- EXCERPTED DATA -
- - - - -
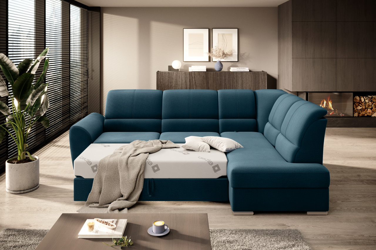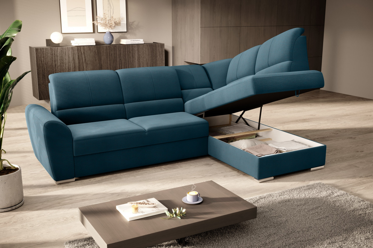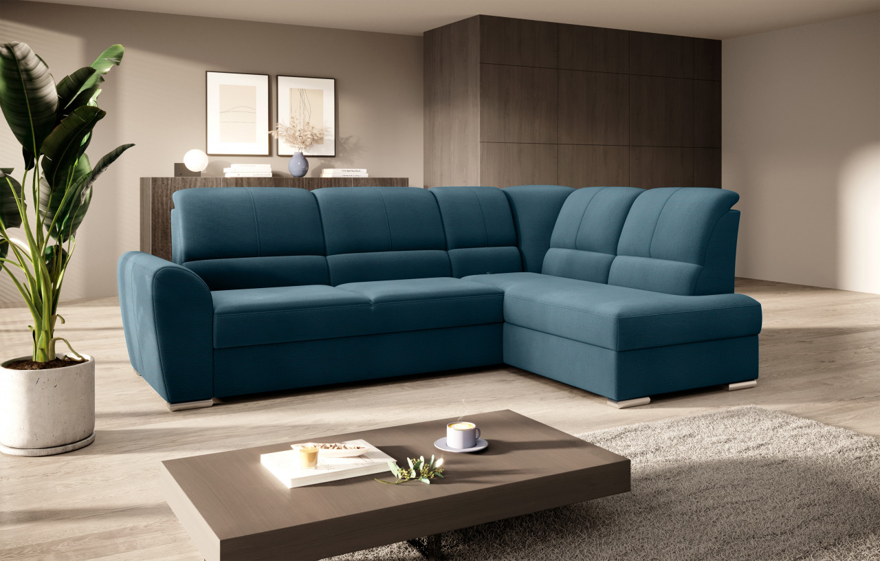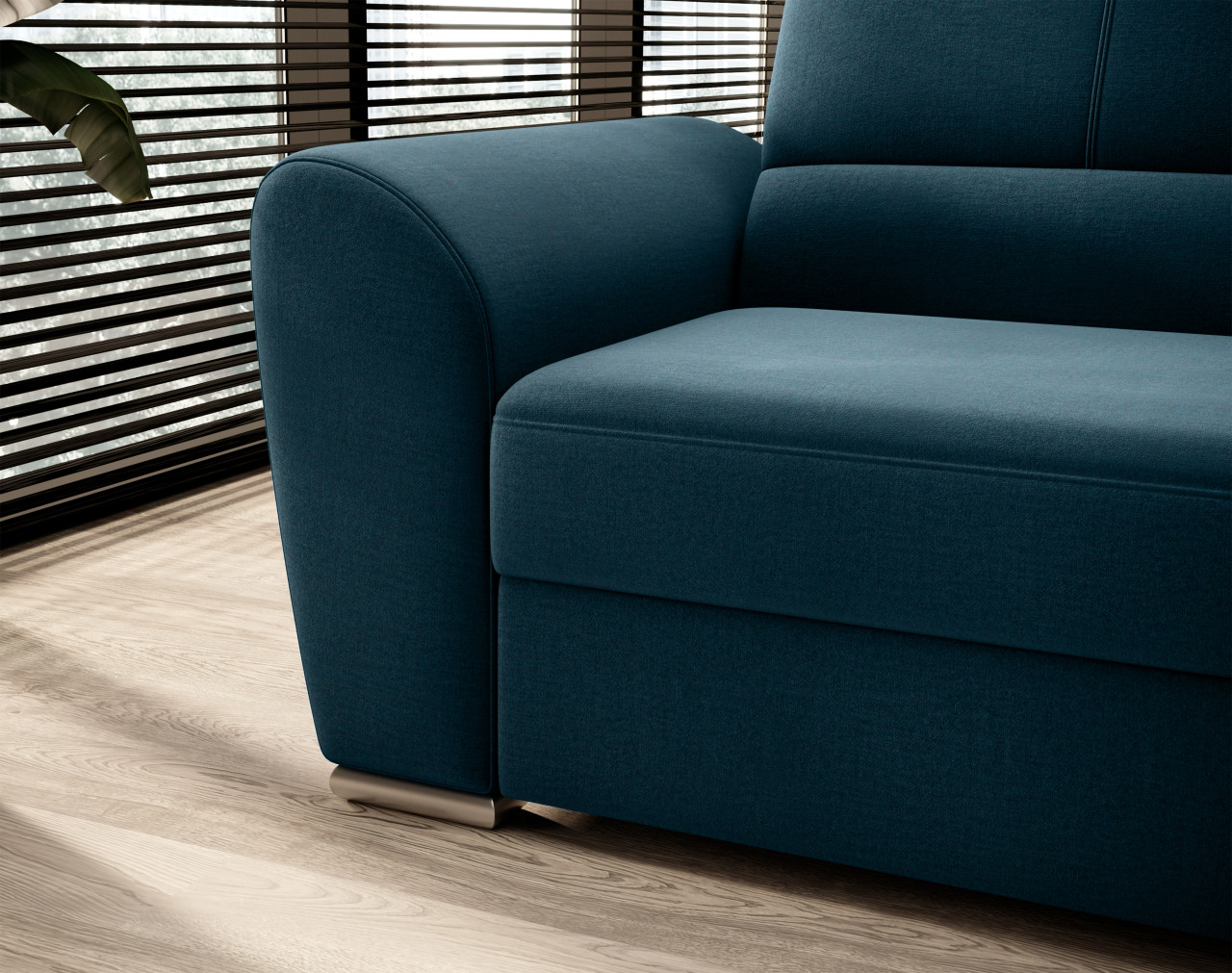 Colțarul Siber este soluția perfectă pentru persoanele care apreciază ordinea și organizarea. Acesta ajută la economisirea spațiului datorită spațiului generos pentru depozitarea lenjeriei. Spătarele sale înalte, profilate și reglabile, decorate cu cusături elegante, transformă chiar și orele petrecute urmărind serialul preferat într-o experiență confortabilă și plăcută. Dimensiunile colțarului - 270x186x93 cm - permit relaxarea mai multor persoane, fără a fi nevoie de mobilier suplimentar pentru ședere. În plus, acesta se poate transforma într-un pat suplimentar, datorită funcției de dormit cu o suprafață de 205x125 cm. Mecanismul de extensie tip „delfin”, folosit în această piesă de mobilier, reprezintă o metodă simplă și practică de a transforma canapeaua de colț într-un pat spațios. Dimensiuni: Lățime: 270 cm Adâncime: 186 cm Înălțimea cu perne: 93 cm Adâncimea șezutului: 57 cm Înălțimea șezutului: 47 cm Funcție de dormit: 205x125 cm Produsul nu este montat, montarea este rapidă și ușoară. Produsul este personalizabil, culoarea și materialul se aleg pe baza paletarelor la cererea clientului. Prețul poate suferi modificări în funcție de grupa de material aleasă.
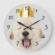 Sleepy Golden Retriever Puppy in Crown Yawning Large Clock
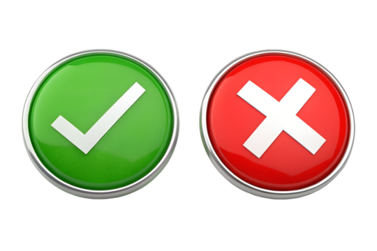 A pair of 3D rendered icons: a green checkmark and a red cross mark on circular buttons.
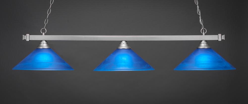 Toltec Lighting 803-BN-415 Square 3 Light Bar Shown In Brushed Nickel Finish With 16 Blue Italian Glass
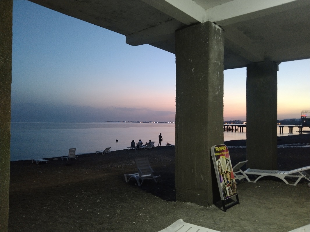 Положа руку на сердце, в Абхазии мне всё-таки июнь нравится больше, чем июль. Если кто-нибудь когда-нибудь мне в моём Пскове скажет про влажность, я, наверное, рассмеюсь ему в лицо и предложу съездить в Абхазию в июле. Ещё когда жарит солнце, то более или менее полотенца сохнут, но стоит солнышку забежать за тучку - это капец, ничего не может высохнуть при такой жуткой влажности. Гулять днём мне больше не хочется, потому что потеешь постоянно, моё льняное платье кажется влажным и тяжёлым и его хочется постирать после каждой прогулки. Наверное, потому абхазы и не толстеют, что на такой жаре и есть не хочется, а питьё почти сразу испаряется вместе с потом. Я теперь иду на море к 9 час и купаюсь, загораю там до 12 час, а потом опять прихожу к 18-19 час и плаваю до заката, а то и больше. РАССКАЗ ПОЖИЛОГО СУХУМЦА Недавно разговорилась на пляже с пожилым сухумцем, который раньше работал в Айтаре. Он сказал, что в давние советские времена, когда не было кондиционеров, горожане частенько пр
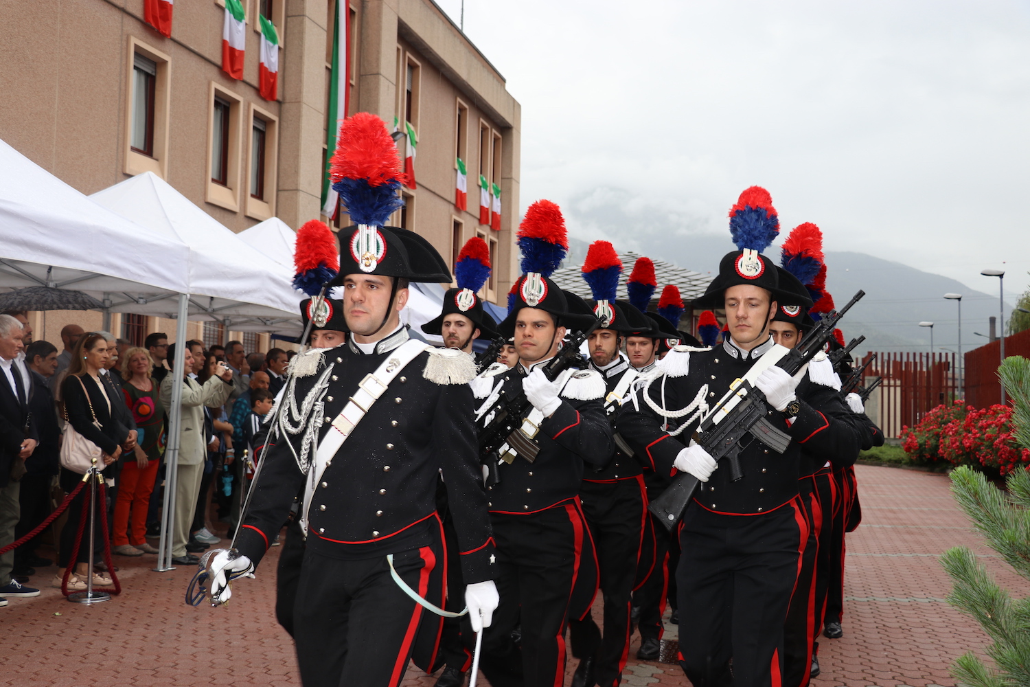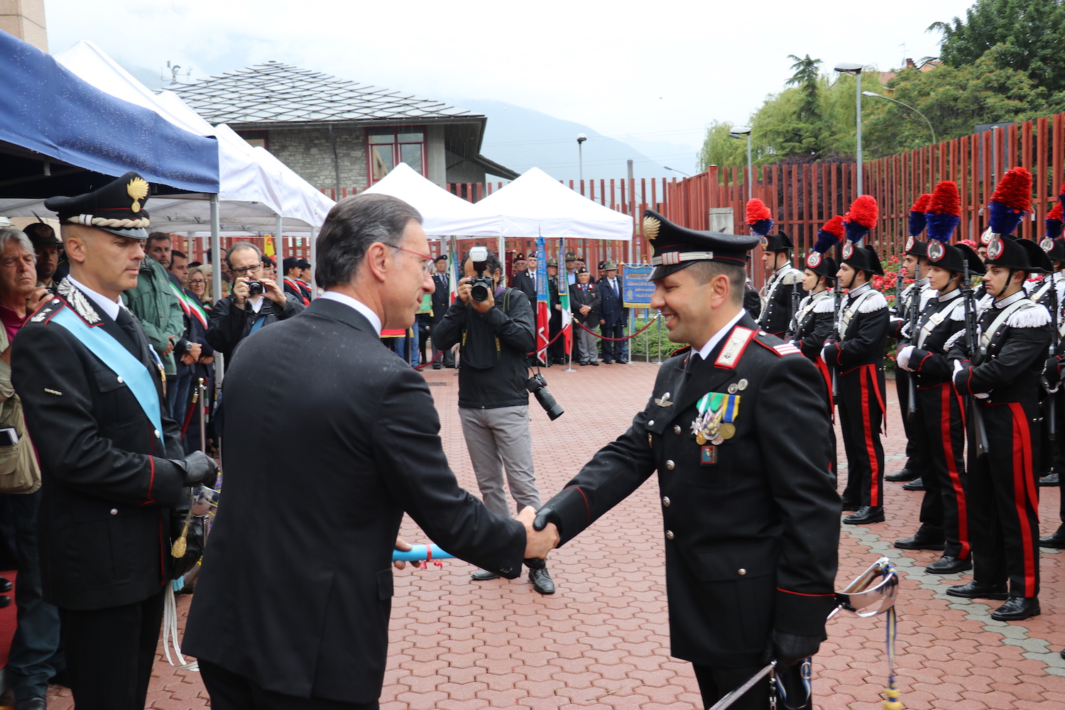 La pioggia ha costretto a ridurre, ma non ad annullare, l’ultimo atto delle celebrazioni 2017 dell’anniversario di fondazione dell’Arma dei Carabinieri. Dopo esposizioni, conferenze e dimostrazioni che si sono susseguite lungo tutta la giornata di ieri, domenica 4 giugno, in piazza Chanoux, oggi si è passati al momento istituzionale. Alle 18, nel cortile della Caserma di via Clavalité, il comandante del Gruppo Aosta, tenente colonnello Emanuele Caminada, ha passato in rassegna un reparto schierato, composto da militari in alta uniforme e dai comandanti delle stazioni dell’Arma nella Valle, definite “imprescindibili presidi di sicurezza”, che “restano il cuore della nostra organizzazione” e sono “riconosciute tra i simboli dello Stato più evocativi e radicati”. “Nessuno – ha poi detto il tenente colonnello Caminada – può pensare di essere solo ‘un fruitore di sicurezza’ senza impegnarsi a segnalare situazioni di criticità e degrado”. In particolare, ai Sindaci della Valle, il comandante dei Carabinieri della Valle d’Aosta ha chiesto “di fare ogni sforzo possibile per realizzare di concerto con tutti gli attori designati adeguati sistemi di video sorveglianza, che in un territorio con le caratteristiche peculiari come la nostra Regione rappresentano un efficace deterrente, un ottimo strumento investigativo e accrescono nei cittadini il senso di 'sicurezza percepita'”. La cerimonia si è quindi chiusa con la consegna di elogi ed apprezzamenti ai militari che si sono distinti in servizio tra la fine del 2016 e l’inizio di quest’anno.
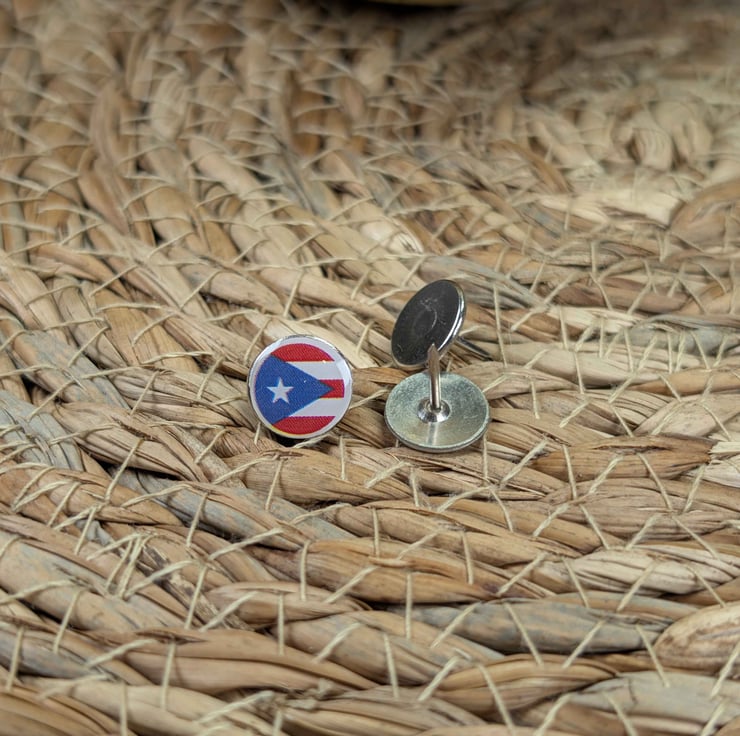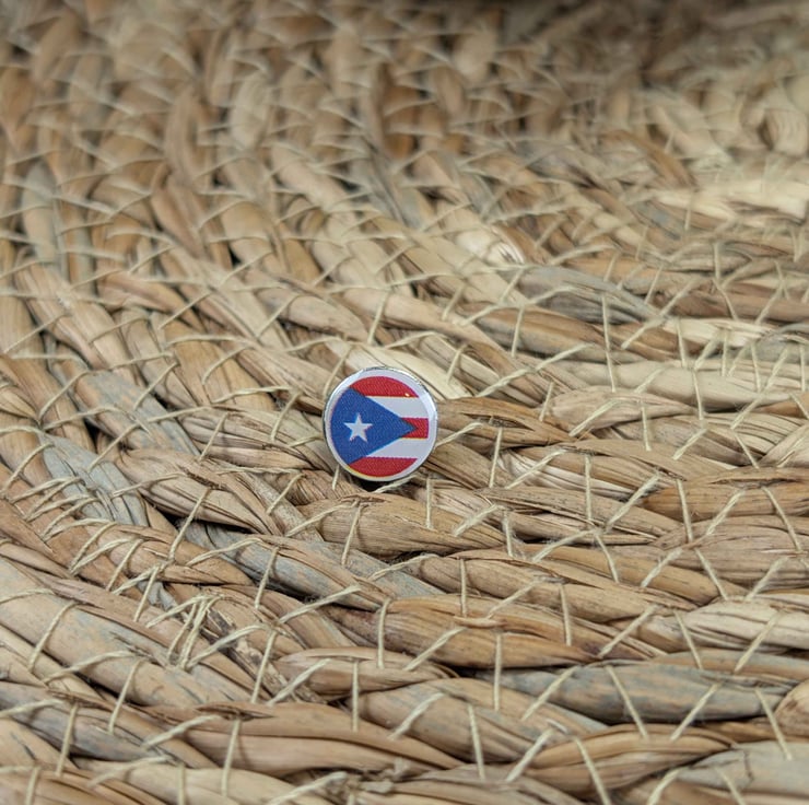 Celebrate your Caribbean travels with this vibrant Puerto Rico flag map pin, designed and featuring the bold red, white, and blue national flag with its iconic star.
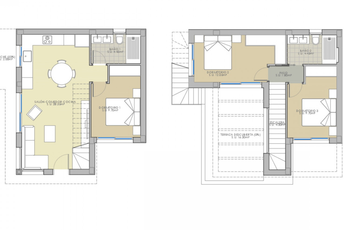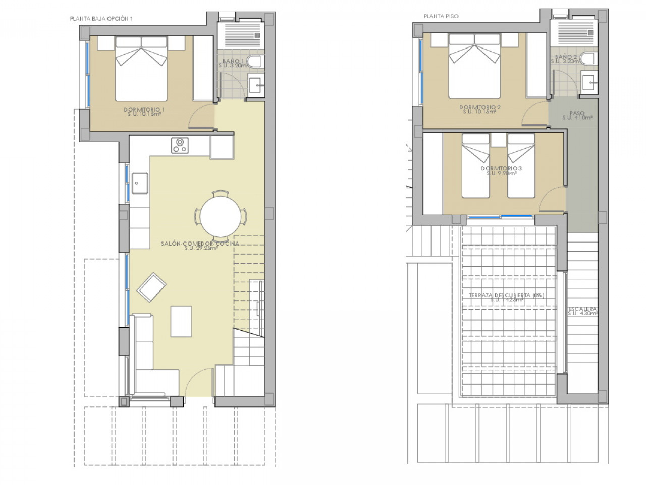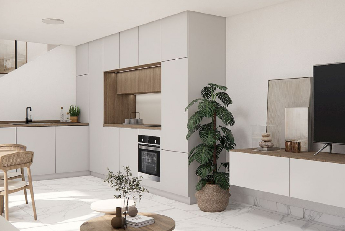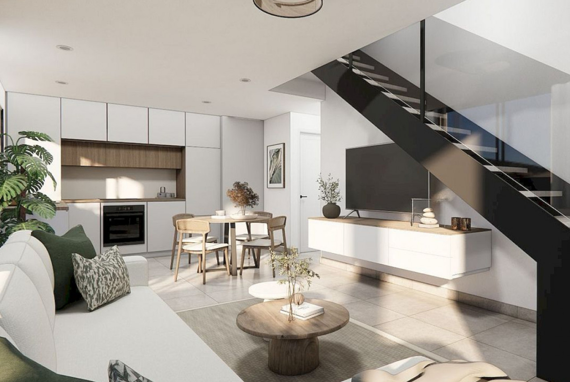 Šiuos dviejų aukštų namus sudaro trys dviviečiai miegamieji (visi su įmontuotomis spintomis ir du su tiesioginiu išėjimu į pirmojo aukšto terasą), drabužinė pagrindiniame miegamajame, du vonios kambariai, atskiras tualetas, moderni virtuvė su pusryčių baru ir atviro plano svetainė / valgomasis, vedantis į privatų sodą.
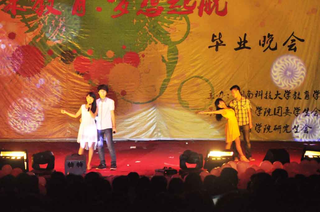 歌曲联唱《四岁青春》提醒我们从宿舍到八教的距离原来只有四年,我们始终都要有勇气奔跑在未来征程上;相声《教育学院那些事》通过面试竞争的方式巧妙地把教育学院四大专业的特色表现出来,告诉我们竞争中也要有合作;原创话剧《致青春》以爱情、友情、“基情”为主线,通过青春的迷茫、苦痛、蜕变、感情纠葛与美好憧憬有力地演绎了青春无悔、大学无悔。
- - - - -
- BRIEF -
Restate the records above in full and word for word, but do not carry over any pictures.

- SOLUTION TO THIS PROBLEM -
 Colțarul Siber este soluția perfectă pentru persoanele care apreciază ordinea și organizarea. Acesta ajută la economisirea spațiului datorită spațiului generos pentru depozitarea lenjeriei. Spătarele sale înalte, profilate și reglabile, decorate cu cusături elegante, transformă chiar și orele petrecute urmărind serialul preferat într-o experiență confortabilă și plăcută. Dimensiunile colțarului - 270x186x93 cm - permit relaxarea mai multor persoane, fără a fi nevoie de mobilier suplimentar pentru ședere. În plus, acesta se poate transforma într-un pat suplimentar, datorită funcției de dormit cu o suprafață de 205x125 cm. Mecanismul de extensie tip „delfin”, folosit în această piesă de mobilier, reprezintă o metodă simplă și practică de a transforma canapeaua de colț într-un pat spațios. Dimensiuni: Lățime: 270 cm Adâncime: 186 cm Înălțimea cu perne: 93 cm Adâncimea șezutului: 57 cm Înălțimea șezutului: 47 cm Funcție de dormit: 205x125 cm Produsul nu este montat, montarea este rapidă și ușoară. Produsul este personalizabil, culoarea și materialul se aleg pe baza paletarelor la cererea clientului. Prețul poate suferi modificări în funcție de grupa de material aleasă.
 Sleepy Golden Retriever Puppy in Crown Yawning Large Clock
 A pair of 3D rendered icons: a green checkmark and a red cross mark on circular buttons.
 Toltec Lighting 803-BN-415 Square 3 Light Bar Shown In Brushed Nickel Finish With 16 Blue Italian Glass
 Положа руку на сердце, в Абхазии мне всё-таки июнь нравится больше, чем июль. Если кто-нибудь когда-нибудь мне в моём Пскове скажет про влажность, я, наверное, рассмеюсь ему в лицо и предложу съездить в Абхазию в июле. Ещё когда жарит солнце, то более или менее полотенца сохнут, но стоит солнышку забежать за тучку - это капец, ничего не может высохнуть при такой жуткой влажности. Гулять днём мне больше не хочется, потому что потеешь постоянно, моё льняное платье кажется влажным и тяжёлым и его хочется постирать после каждой прогулки. Наверное, потому абхазы и не толстеют, что на такой жаре и есть не хочется, а питьё почти сразу испаряется вместе с потом. Я теперь иду на море к 9 час и купаюсь, загораю там до 12 час, а потом опять прихожу к 18-19 час и плаваю до заката, а то и больше. РАССКАЗ ПОЖИЛОГО СУХУМЦА Недавно разговорилась на пляже с пожилым сухумцем, который раньше работал в Айтаре. Он сказал, что в давние советские времена, когда не было кондиционеров, горожане частенько пр
 La pioggia ha costretto a ridurre, ma non ad annullare, l’ultimo atto delle celebrazioni 2017 dell’anniversario di fondazione dell’Arma dei Carabinieri. Dopo esposizioni, conferenze e dimostrazioni che si sono susseguite lungo tutta la giornata di ieri, domenica 4 giugno, in piazza Chanoux, oggi si è passati al momento istituzionale. Alle 18, nel cortile della Caserma di via Clavalité, il comandante del Gruppo Aosta, tenente colonnello Emanuele Caminada, ha passato in rassegna un reparto schierato, composto da militari in alta uniforme e dai comandanti delle stazioni dell’Arma nella Valle, definite “imprescindibili presidi di sicurezza”, che “restano il cuore della nostra organizzazione” e sono “riconosciute tra i simboli dello Stato più evocativi e radicati”. “Nessuno – ha poi detto il tenente colonnello Caminada – può pensare di essere solo ‘un fruitore di sicurezza’ senza impegnarsi a segnalare situazioni di criticità e degrado”. In particolare, ai Sindaci della Valle, il comandante dei Carabinieri della Valle d’Aosta ha chiesto “di fare ogni sforzo possibile per realizzare di concerto con tutti gli attori designati adeguati sistemi di video sorveglianza, che in un territorio con le caratteristiche peculiari come la nostra Regione rappresentano un efficace deterrente, un ottimo strumento investigativo e accrescono nei cittadini il senso di 'sicurezza percepita'”. La cerimonia si è quindi chiusa con la consegna di elogi ed apprezzamenti ai militari che si sono distinti in servizio tra la fine del 2016 e l’inizio di quest’anno.
 Celebrate your Caribbean travels with this vibrant Puerto Rico flag map pin, designed and featuring the bold red, white, and blue national flag with its iconic star.
 Šiuos dviejų aukštų namus sudaro trys dviviečiai miegamieji (visi su įmontuotomis spintomis ir du su tiesioginiu išėjimu į pirmojo aukšto terasą), drabužinė pagrindiniame miegamajame, du vonios kambariai, atskiras tualetas, moderni virtuvė su pusryčių baru ir atviro plano svetainė / valgomasis, vedantis į privatų sodą.
 歌曲联唱《四岁青春》提醒我们从宿舍到八教的距离原来只有四年,我们始终都要有勇气奔跑在未来征程上;相声《教育学院那些事》通过面试竞争的方式巧妙地把教育学院四大专业的特色表现出来,告诉我们竞争中也要有合作;原创话剧《致青春》以爱情、友情、“基情”为主线,通过青春的迷茫、苦痛、蜕变、感情纠葛与美好憧憬有力地演绎了青春无悔、大学无悔。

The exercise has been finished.